Records shown:

=======

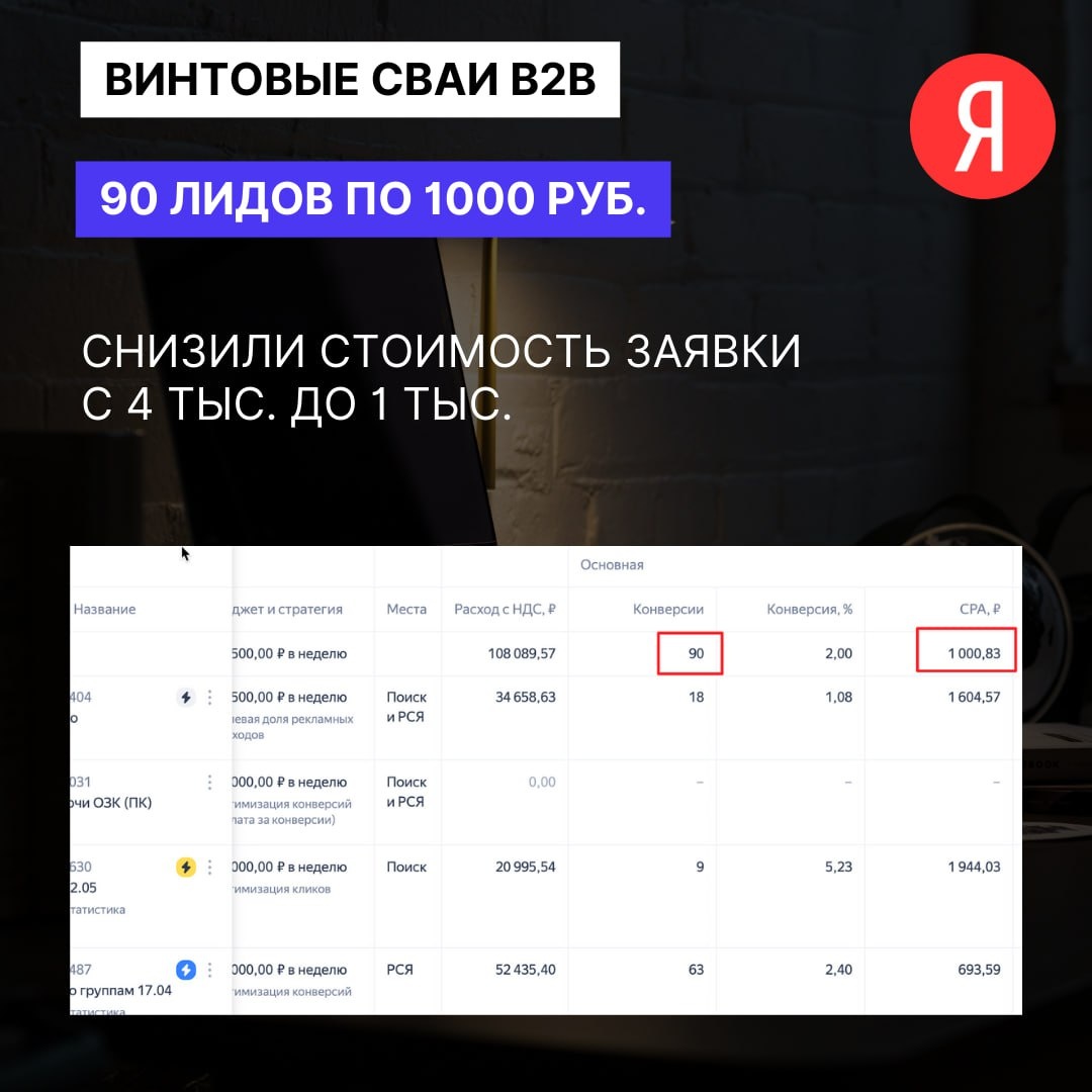 Промежуточный результат в новом проекте b2b винтовые сваи оптом. Льем трафик из яндекс директ. За месяц 90 лидов по 1000 руб. Работает поиск, рся и мк. Подключили коллтрекинг. Пред подрядчик приводил лиды по 4 тыс. Если нужна окупаемая реклама для вашего бизнеса, напишите мне любым удобным способом. Проведу бесплатный аудит и составлю стратегию продвижения.
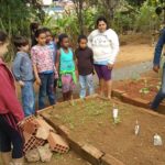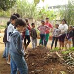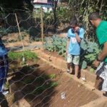 As fotos mostram um momento em que as crianças e adolescentes estão plantando sementes de cenoura, beterraba, cebola, repolho e pimentão.
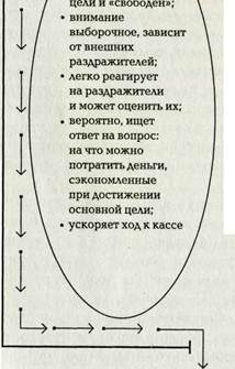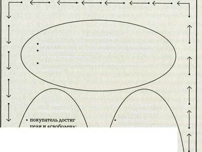 Рис. 3.8. Наиболее вероятное поведение покупателя на отдельных этапах маршрута его движения по торговому залу В отличие от предыдущей зоны (зоны покупки), где покупатель делает запланированные покупки, в зоне возвращения он готов купить то, что ему «предлагают» и «навязывают» посредством ориентированных на него раздражителей. Мерчандайзинговый подход к последовательности размещения отделов (секций) имеет еще одно преимущество: он исключает раздражение покупателя в начале пути и формирует благосклонное отношение к деятельности предприятия. Раздражители в конце маршрута не так возмутительны для покупателя и не способны существенно влиять на его настроение, поскольку они появляются после выполнения им своей «миссии», когда он ищет, чем еще занять свое внимание, теперь уже свободное от всякого напряжения.
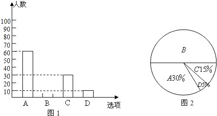 為了了解學(xué)生參加體育活動(dòng)的情況,學(xué)校對(duì)學(xué)生進(jìn)行隨機(jī)抽樣調(diào)查,其中一個(gè)問(wèn)題是“你平均每天參加體育活動(dòng)的時(shí)間是多少”,共有4個(gè)選項(xiàng):A、1.5小時(shí)以上;B、1~1.5小時(shí);C、0.5~1小時(shí);D、0.5小時(shí)以下.圖1、2是根據(jù)調(diào)查結(jié)果繪制的兩幅不完整的統(tǒng)計(jì)圖,請(qǐng)你根據(jù)統(tǒng)計(jì)圖提供的信息,解答以下問(wèn)題:
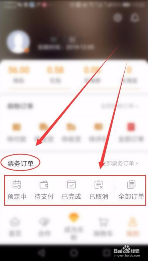 票务订单选项下,可以查看购票订单,分为待付条目、待发货、待收货、待评价,以及全数订单。
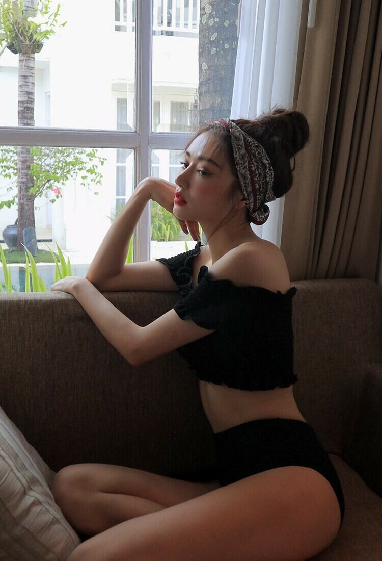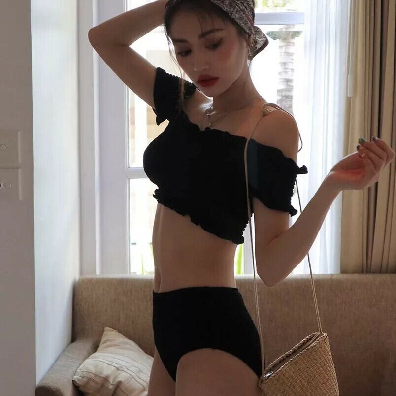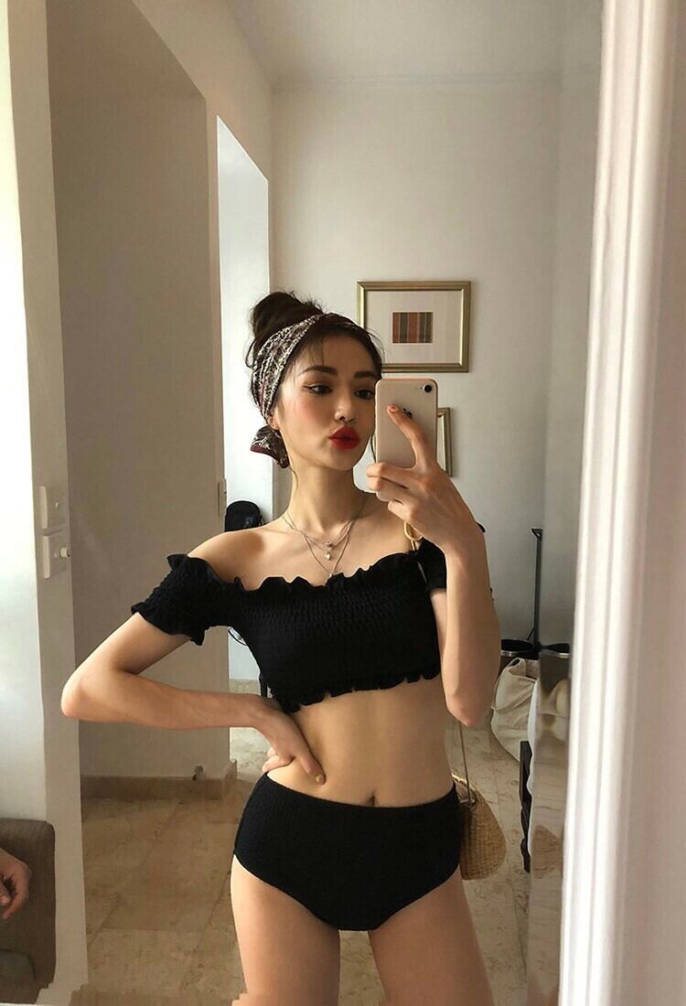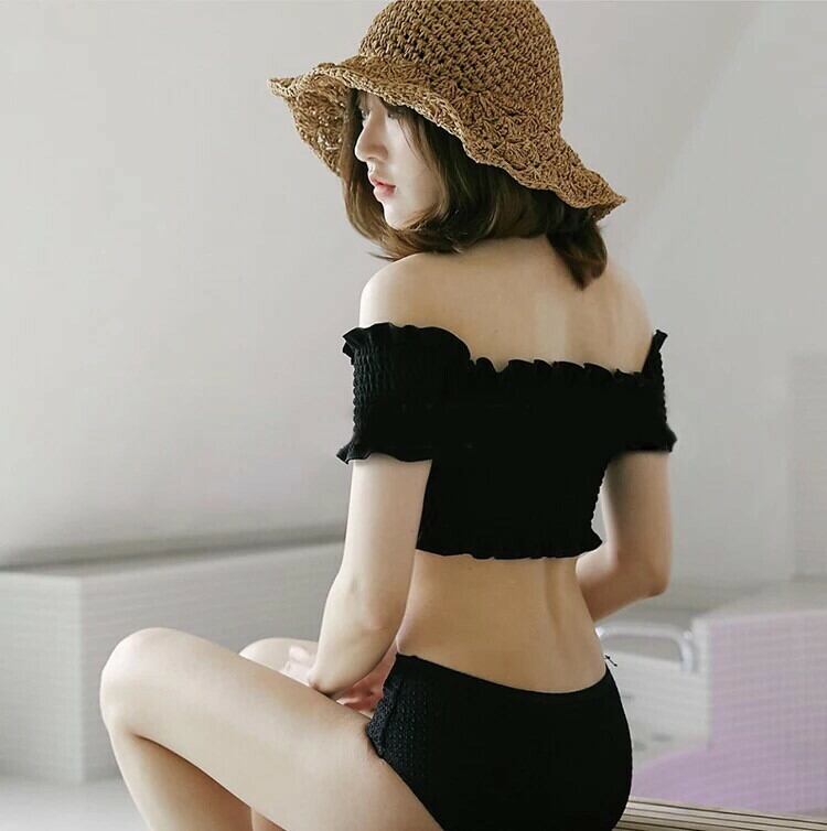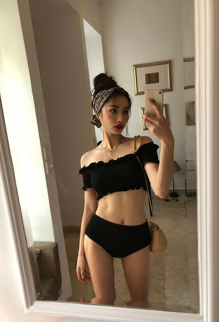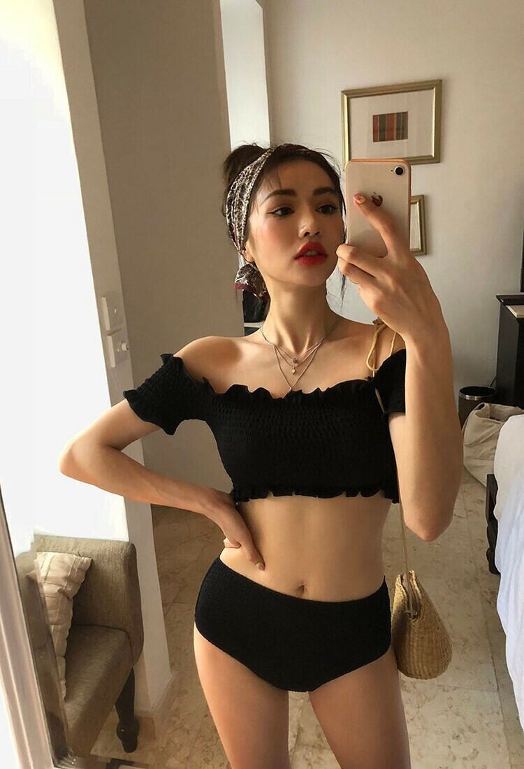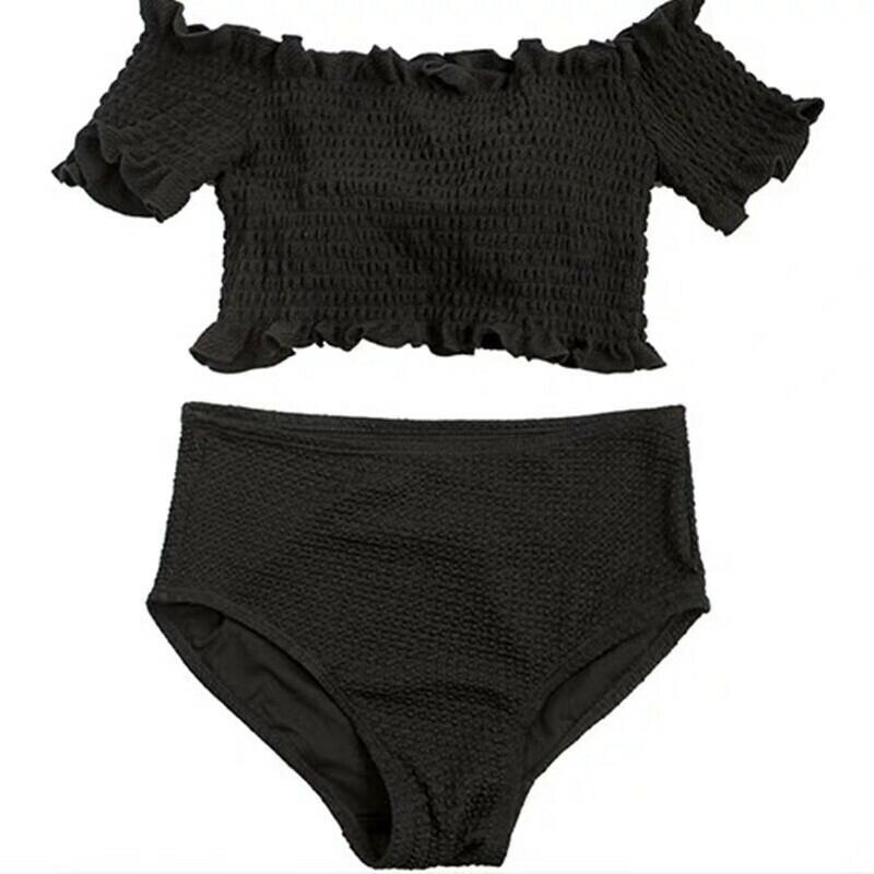 トップスにはフリルと、二の腕もカバーできちゃうのが嬉しいデザインになっていて、ボトムスはハイウエストでシンプルに!立体的ポコポコした素材で、水着独特のテカリがありません❤️
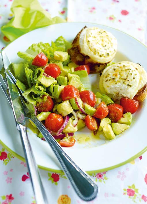 - Сыр нарежьте на четыре кружочка и положите каждый кружочек на кусочек багета. Смажьте небольшим количеством оливкового масла и присыпьте прованскими травами. Переложите кусочки багета с сыром на противень, застеленный фольгой, и поджарьте до золотистой корочки на гриле.
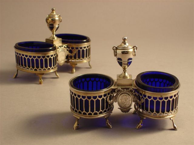PAIRE DE DOUBLE SALIÈRES en argent et verres bleus. Les deux récipients en verre bleu sont réunis par une monture ajourée constituée au centre d'une tablette, ornée de deux médaillons enrubannés dont un monogrammé DR, supportant un pot couvert à deux anses en anneaux mobiles reposant sur un socle carré. L'ensemble repose sur huit pieds en sabot de chèvre.

=======

Task to carry out:
Each entry above should be printed exactly, and any picture in it left out.

Exercise answer:
 Промежуточный результат в новом проекте b2b винтовые сваи оптом. Льем трафик из яндекс директ. За месяц 90 лидов по 1000 руб. Работает поиск, рся и мк. Подключили коллтрекинг. Пред подрядчик приводил лиды по 4 тыс. Если нужна окупаемая реклама для вашего бизнеса, напишите мне любым удобным способом. Проведу бесплатный аудит и составлю стратегию продвижения.
 As fotos mostram um momento em que as crianças e adolescentes estão plantando sementes de cenoura, beterraba, cebola, repolho e pimentão.
 Рис. 3.8. Наиболее вероятное поведение покупателя на отдельных этапах маршрута его движения по торговому залу В отличие от предыдущей зоны (зоны покупки), где покупатель делает запланированные покупки, в зоне возвращения он готов купить то, что ему «предлагают» и «навязывают» посредством ориентированных на него раздражителей. Мерчандайзинговый подход к последовательности размещения отделов (секций) имеет еще одно преимущество: он исключает раздражение покупателя в начале пути и формирует благосклонное отношение к деятельности предприятия. Раздражители в конце маршрута не так возмутительны для покупателя и не способны существенно влиять на его настроение, поскольку они появляются после выполнения им своей «миссии», когда он ищет, чем еще занять свое внимание, теперь уже свободное от всякого напряжения.
 為了了解學(xué)生參加體育活動(dòng)的情況,學(xué)校對(duì)學(xué)生進(jìn)行隨機(jī)抽樣調(diào)查,其中一個(gè)問(wèn)題是“你平均每天參加體育活動(dòng)的時(shí)間是多少”,共有4個(gè)選項(xiàng):A、1.5小時(shí)以上;B、1~1.5小時(shí);C、0.5~1小時(shí);D、0.5小時(shí)以下.圖1、2是根據(jù)調(diào)查結(jié)果繪制的兩幅不完整的統(tǒng)計(jì)圖,請(qǐng)你根據(jù)統(tǒng)計(jì)圖提供的信息,解答以下問(wèn)題:
 票务订单选项下,可以查看购票订单,分为待付条目、待发货、待收货、待评价,以及全数订单。
 トップスにはフリルと、二の腕もカバーできちゃうのが嬉しいデザインになっていて、ボトムスはハイウエストでシンプルに!立体的ポコポコした素材で、水着独特のテカリがありません❤️
 - Сыр нарежьте на четыре кружочка и положите каждый кружочек на кусочек багета. Смажьте небольшим количеством оливкового масла и присыпьте прованскими травами. Переложите кусочки багета с сыром на противень, застеленный фольгой, и поджарьте до золотистой корочки на гриле.
PAIRE DE DOUBLE SALIÈRES en argent et verres bleus. Les deux récipients en verre bleu sont réunis par une monture ajourée constituée au centre d'une tablette, ornée de deux médaillons enrubannés dont un monogrammé DR, supportant un pot couvert à deux anses en anneaux mobiles reposant sur un socle carré. L'ensemble repose sur huit pieds en sabot de chèvre.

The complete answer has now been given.